=== Section Start ===

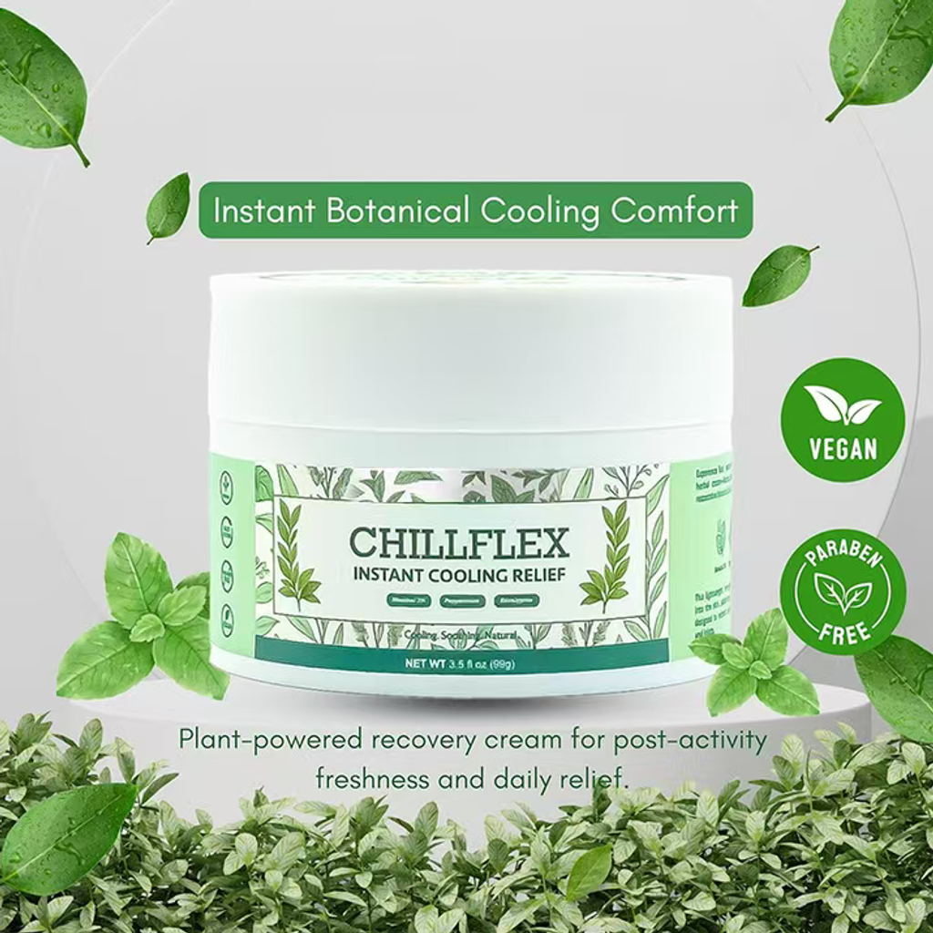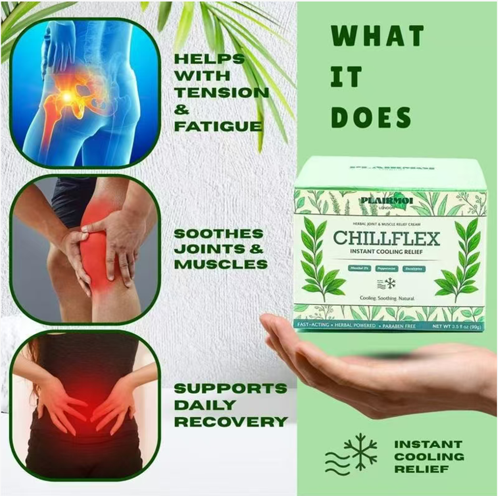 CHILLFLEX Plant Soothing Cooling Cream, with a plant-based formula, provides instant cooling and refreshing relief. Suitable for both post-workout rejuvenation and daily relaxation. Order today and receive 4 bottles as a gift. Use in the morning and evening. This product effectively relieves joint and muscle pain, restores flexibility, comfort, and vitality. Make the purchase now and let the power of herbs become your recharge station for both body and mind!
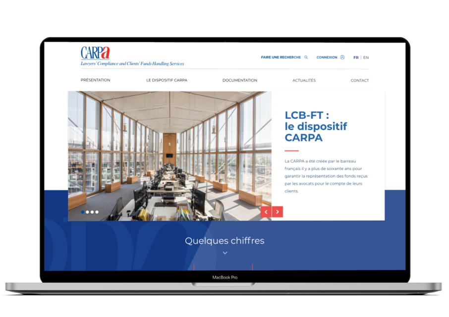 Conception UX, design et développement du site institutionnel de la CARPA de Paris avec une permission d’accès sécurisée aux documents.
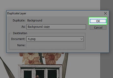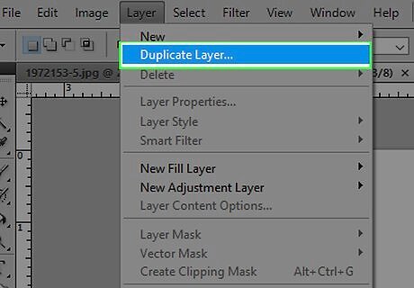 Click on Duplicate Layer…. It's near the top of the menu. Creating a duplicate preserves the original background image in case you make a mistake. Create a custom name for the layer or leave it as the default.
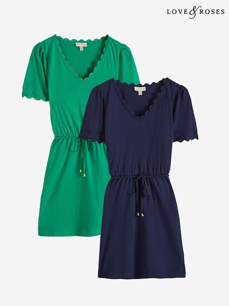Love & Roses X2 Bright Green and Navy V-Neck Scallop Jersey Mini Dress
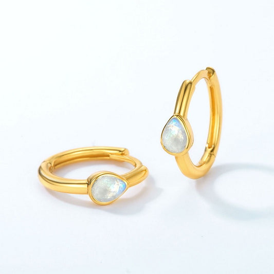 Pendientes Kemstone de piedra lunar azul, geométricos minimalistas, originales y hechos a mano. Pendientes de plata de ley S925 bañados en oro.
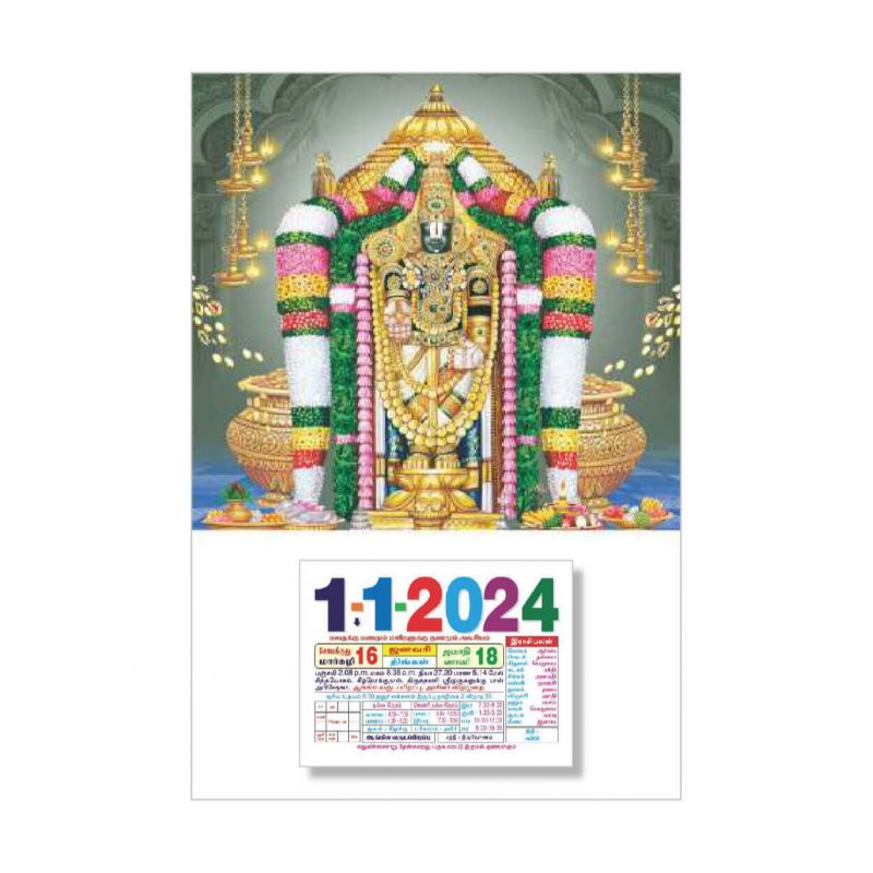 1. Daily Tamil Calendar with single picture printed in double-colour and pasted on premium quality polyboard.
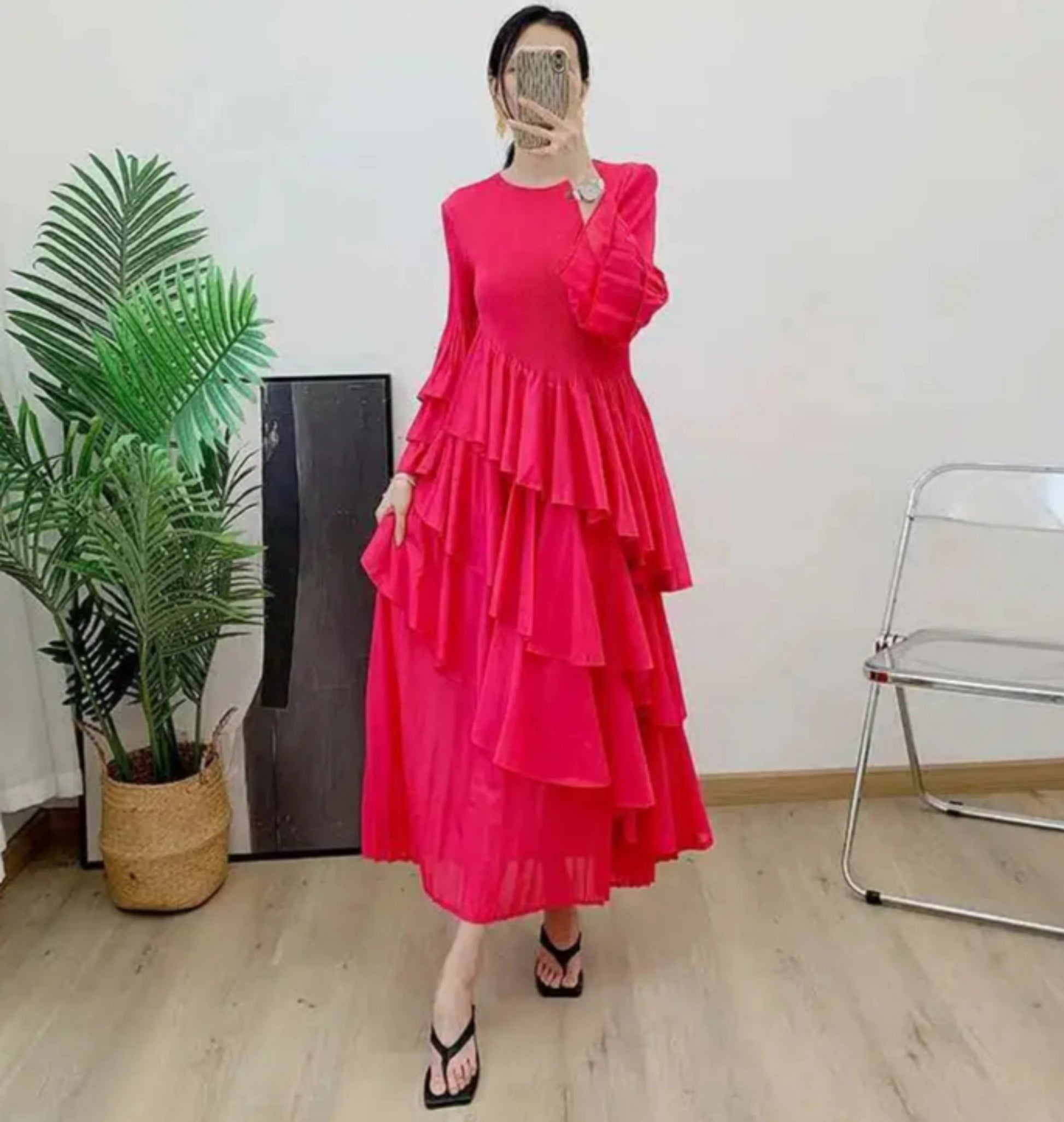 This midi dress blends elegant pleats with an asymmetrical ruffled design, crafted from premium Japanese plissé fabric. The unique silhouette features flowing ruffles that add movement and dimension, while the structured pleats provide a refined shape.
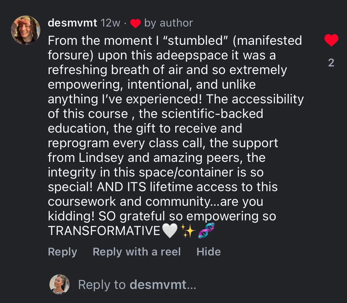 “I don't say this lightly. I completed a clinical doctorate, which I paid over 100K for, and I feel the same level of support at A Deep Space™ AND unlike most clinical programs, it’s trauma informed”
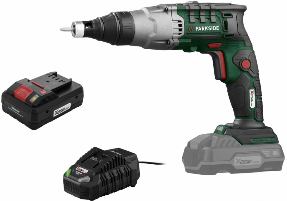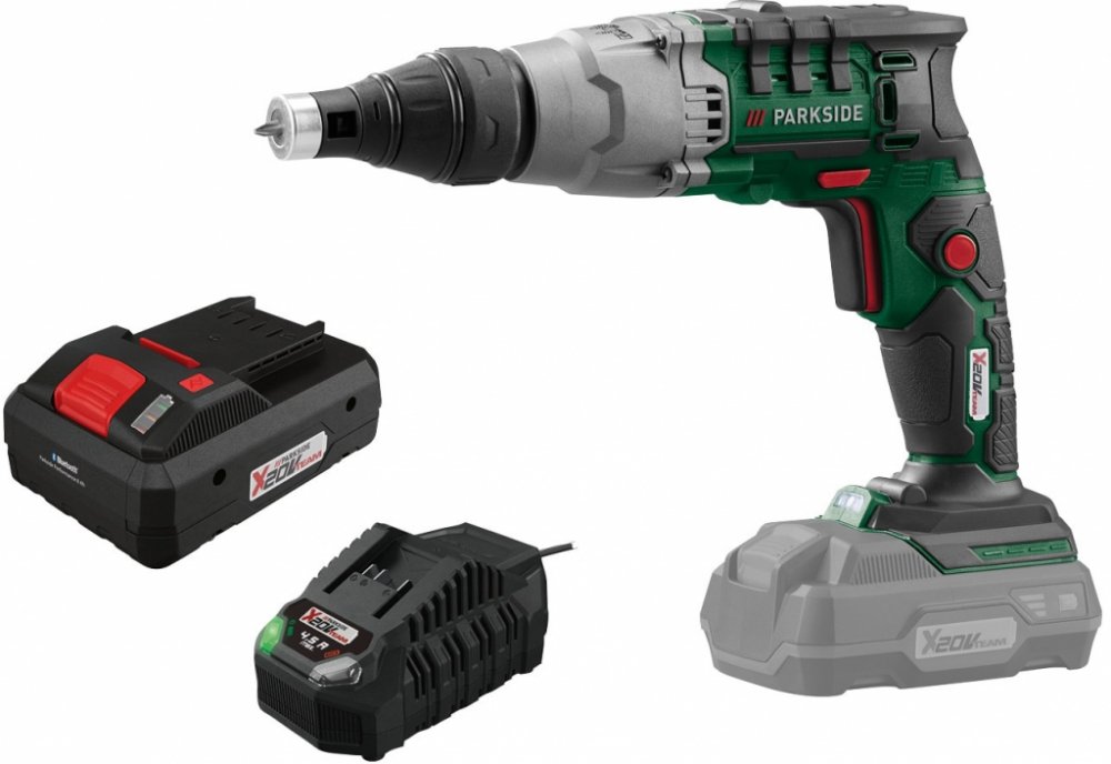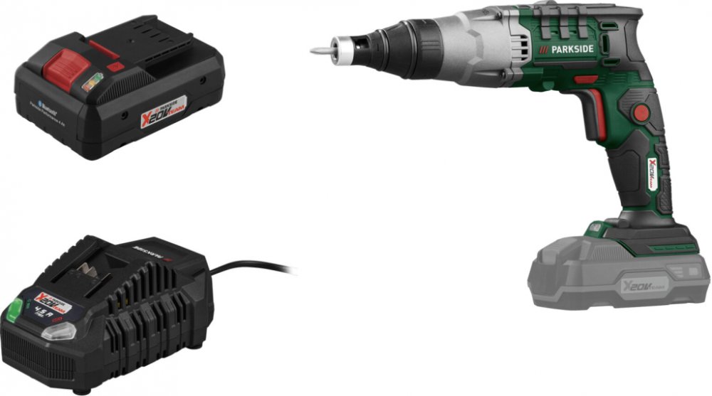 Parkside® Aku šroubovák na sádrokarton Ptbsa 20-Li A1, Smart 4 Ah Parkside® Aku šroubovák na sádrokarton Ptbsa 20-Li A1 Rychlý a účinný – vhodný pro prvky suché výstavby jako sádrokartonové nebo polystyrenové desky Lze rozšířit zásobníkovým nástavcem Parkside PMA 55 A1 pro ještě vyšší účinnost Zásobníkový nástavec s beznástrojovou montáží Plynule nastavitelné otáčky s funkcí rychlého zastavení – v...
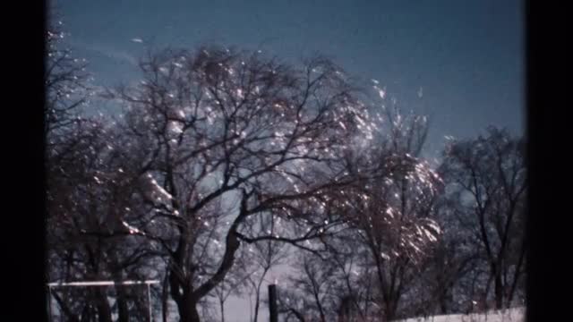 723395 - 1961: a cold chilling climate everything covered in snow, branches of trees environ by snowflakes. M
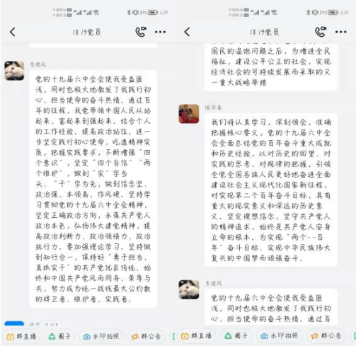 会议伊始,第一员工党支部副书记祝久琪和2019级员工党员王星宇结合PPT,就正确引导青年员工关注的十个问题进行详细地讲解,积极引导员工党员认真学习贯彻党的十九届六中全会精神。赵丹在会议结束时进行总结:各员工党员要深入学习贯彻党的十九届六中全会精神,要大力弘扬马克思主义学风,实事求是、与时俱进,推进党的十九届六中全会精神入脑入心、走深走实。最后同学们纷纷通过发言和上传学习笔记等方式分享自己的学习心得。

=== Section End ===

- [Instructions to follow] Leave the pictures out and write out every entry exactly as given.

- [Response below]
 CHILLFLEX Plant Soothing Cooling Cream, with a plant-based formula, provides instant cooling and refreshing relief. Suitable for both post-workout rejuvenation and daily relaxation. Order today and receive 4 bottles as a gift. Use in the morning and evening. This product effectively relieves joint and muscle pain, restores flexibility, comfort, and vitality. Make the purchase now and let the power of herbs become your recharge station for both body and mind!
 Conception UX, design et développement du site institutionnel de la CARPA de Paris avec une permission d’accès sécurisée aux documents.
 Click on Duplicate Layer…. It's near the top of the menu. Creating a duplicate preserves the original background image in case you make a mistake. Create a custom name for the layer or leave it as the default.
Love & Roses X2 Bright Green and Navy V-Neck Scallop Jersey Mini Dress
 Pendientes Kemstone de piedra lunar azul, geométricos minimalistas, originales y hechos a mano. Pendientes de plata de ley S925 bañados en oro.
 1. Daily Tamil Calendar with single picture printed in double-colour and pasted on premium quality polyboard.
 This midi dress blends elegant pleats with an asymmetrical ruffled design, crafted from premium Japanese plissé fabric. The unique silhouette features flowing ruffles that add movement and dimension, while the structured pleats provide a refined shape.
 “I don't say this lightly. I completed a clinical doctorate, which I paid over 100K for, and I feel the same level of support at A Deep Space™ AND unlike most clinical programs, it’s trauma informed”
 Parkside® Aku šroubovák na sádrokarton Ptbsa 20-Li A1, Smart 4 Ah Parkside® Aku šroubovák na sádrokarton Ptbsa 20-Li A1 Rychlý a účinný – vhodný pro prvky suché výstavby jako sádrokartonové nebo polystyrenové desky Lze rozšířit zásobníkovým nástavcem Parkside PMA 55 A1 pro ještě vyšší účinnost Zásobníkový nástavec s beznástrojovou montáží Plynule nastavitelné otáčky s funkcí rychlého zastavení – v...
 723395 - 1961: a cold chilling climate everything covered in snow, branches of trees environ by snowflakes. M
 会议伊始,第一员工党支部副书记祝久琪和2019级员工党员王星宇结合PPT,就正确引导青年员工关注的十个问题进行详细地讲解,积极引导员工党员认真学习贯彻党的十九届六中全会精神。赵丹在会议结束时进行总结:各员工党员要深入学习贯彻党的十九届六中全会精神,要大力弘扬马克思主义学风,实事求是、与时俱进,推进党的十九届六中全会精神入脑入心、走深走实。最后同学们纷纷通过发言和上传学习笔记等方式分享自己的学习心得。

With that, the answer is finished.